After a 3.6% fall in May, equity markets regained most of the losses in June and closed on a positive note. Some of our recent investments continued to do well and some of the older investments reached expensive valuations levels, allowing us to exit some of these holdings. The portfolios continued to do well relative to the markets, despite the high cash levels that we hold. On a Year to Date basis, since 1 April 2010, markets are flat, whereas our portfolios are reasonably ahead of the market.
Indian markets continue to be strong despite the fact that most comparable sized global markets have seen sharp corrections. Among large markets, the US, Europe and China have corrected between 10-25% from their recent peaks, whereas Indian markets are still trading very close to their recent peak levels. Global markets continue to be plagued by the threat of a double dip recession, as most governments are choosing to reduce their budget deficits and their high debt burden. It is important to remember here that the global economy came out of a recession due to large scale government spending, and is likely to get affected if governments pull back on their spending. The relative attractiveness of Indian markets compared with other alternatives stands diminished for international investors. Under normal circumstances, this should translate to some correction in Indian markets, but we are surprised by the relative strength in the Indian equity markets – especially over the past month.
The commitment of the current Indian government to the reform process is probably what is driving the positive outlook towards Indian equities. The government’s bold steps in the oil sector shows the decisiveness with which this government is moving. Deregulation of the oil sector has been in discussion since 1994 and the government’s recent step to deregulate is very welcome as it will have a very positive impact onIndia’s fiscal deficit. While there does not seem to be any immediate threat of that nature, one wonders what the government would do if international oil prices move up significantly to say $120 per barrel when petrol may have to be priced at Rs 100 a litre. One needs to note that the oil sector accounts for over 10% of Indian GDP and we should see some interesting tests ahead on this subject.
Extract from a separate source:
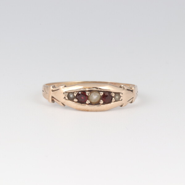 A gold testing as 9ct ruby and pearl set ring, size N 1/2, 1.7g

The Nifty, after reaching a level of 5100 in Sep 2009, has been trading in a narrow range for the past 9 months. During this period, we have been seeing stocks showing a fair degree of volatility. As and when some of our existing holdings reach expensive valuations – from where we view upside potential to be limited with a significant downside risk we have been selling down our positions. On the other hand, other than in small pockets, we are not seeing stocks reach attractive buy points. As a result, cash is beginning to accumulate in the portfolio. If Indian markets start to move in line with other comparable global markets, we are fairly confident that we should get an attractive opportunity to invest. In the meantime, our portfolios continue to do fairly well and better than the market despite the large cash position in our portfolio.